Cooley Dickinson Hospital found that the model predicted ventilator need within 24 hours of a patient’s arrival in the emergency room with a sensitivity of 95 percent and a specificity of over 88 percent. Similar results were found in the U.K., at Addenbrookes Hospital in Cambridge.
Mass General Brigham plans to deploy EXAM in the near future, said Dr. Quanzheng Li, scientific director of the MGH & BWH Center for Clinical Data Science, who developed the original model. Along with Lahey Hospital & Medical Center and the U.K.’s NIHR Cambridge Biomedical Research Center, the hospital network is also working with NVIDIA Inception startup Rhino Health to run prospective studies using EXAM.
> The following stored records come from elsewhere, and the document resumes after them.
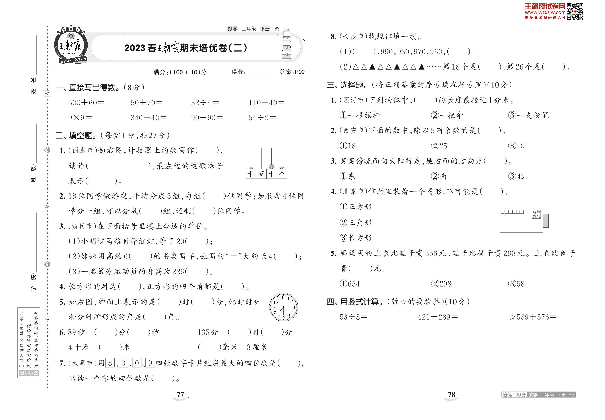 2023下册二年级数学北师版 2023春王朝霞期末培优卷(二)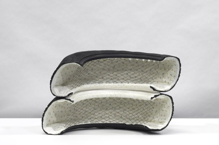 The juxtaposition of your soft interior, but there's like a—there's like a fence on the outside and the fence is less inviting than the inside, you know, and then it being made of car tire, which are, to me, notoriously toxic—like you can't, you can't actually use the car tire to garden I found out recently, because the materials seep from the tire into the soil. So you kind of have—you took this thing that's a petroleum object, lined it with something soft and something nice, and then created this fencing on the outside, which is also kind of cautionary. In a way, you can kind of see it being representative of an internal—someone's internal world, right? Someone's internal frame of mind. Maybe there's a little bit of “I want you to know me, but I kind of also want you to be cautious.” Maybe that's just my take.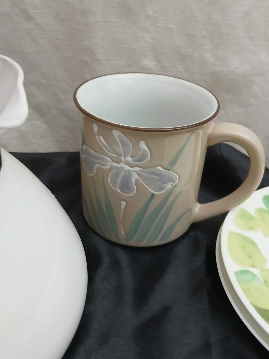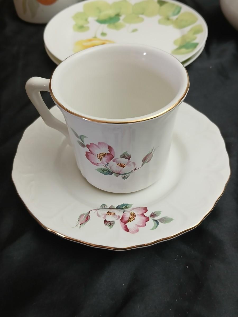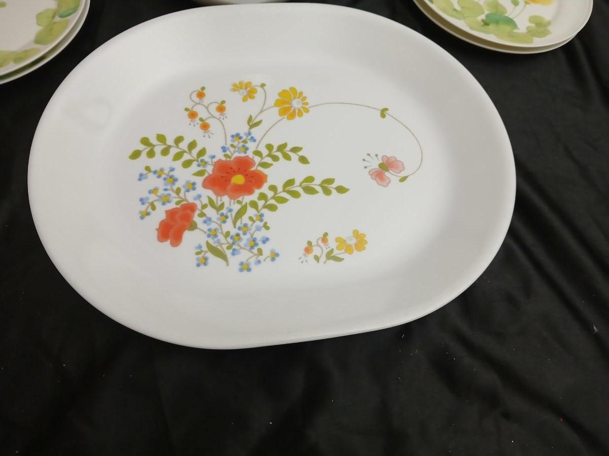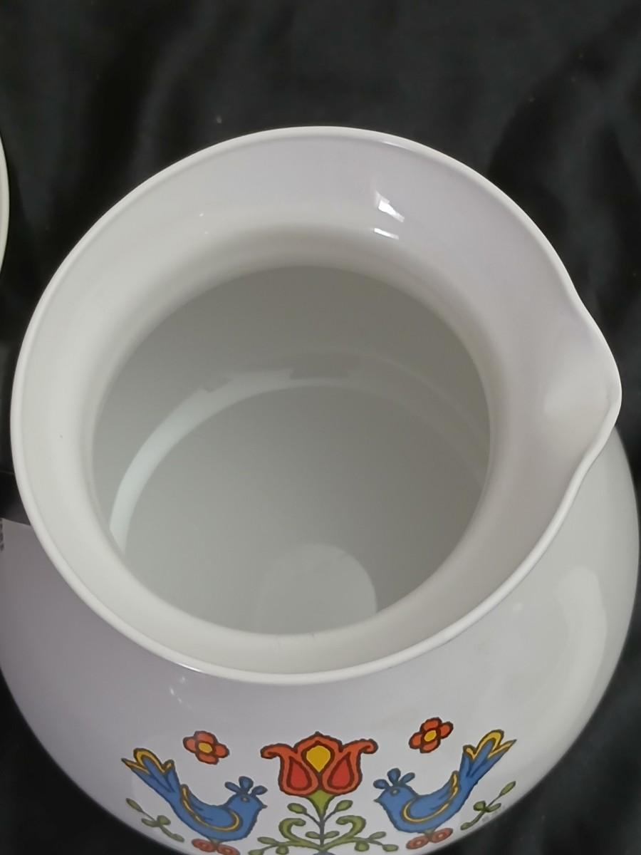 Vintage 1975 Corning Country Festival Blue Birds Coffee Tea Pot 6 Cups with platter, Mikasa dessert plates and mugs
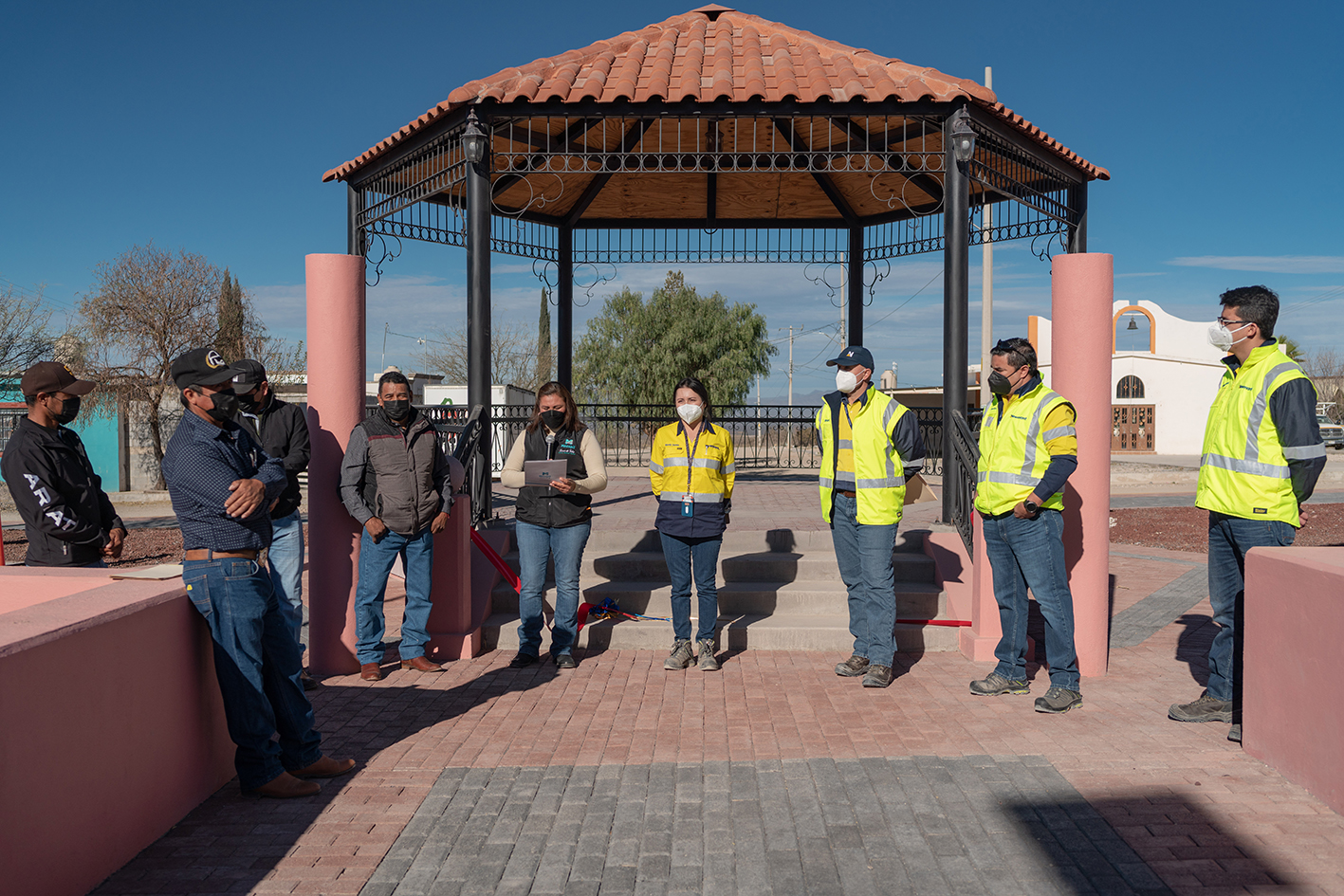 Mazapil, Zac.- Como parte del compromiso que tiene Newmont Peñasquito de crear valor compartido en las comunidades de su zona de influencia, entregó a los habitantes de la comunidad de Nuevo Peñasco, perteneciente al Ejido Cedros en el municipio de Mazapil, la remodelación y rehabilitación de su plaza.

The original EXAM model was trained retrospectively using records of past COVID-19 patients, so researchers already had the ground-truth data on how much oxygen a patient ended up needing. This prospective research instead applies the AI model to data from new patients coming into the hospital, a further step toward deployment in a real-world setting.
“Federated learning has transformative power to bring AI innovation to the clinical workflow,” said Fiona Gilbert, chair of radiology at the University of Cambridge School of Medicine. “Our continued work with EXAM aims to make these kinds of global collaborations repeatable and more efficient, so that we can meet clinicians’ needs to tackle complex health challenges and future epidemics.”
The EXAM model is publicly available for research use through the NVIDIA NGC software hub. Businesses and research institutions getting started with federated learning can use the NVIDIA AI Enterprise software suite of AI tools and frameworks, optimized to run on NVIDIA-Certified Systems.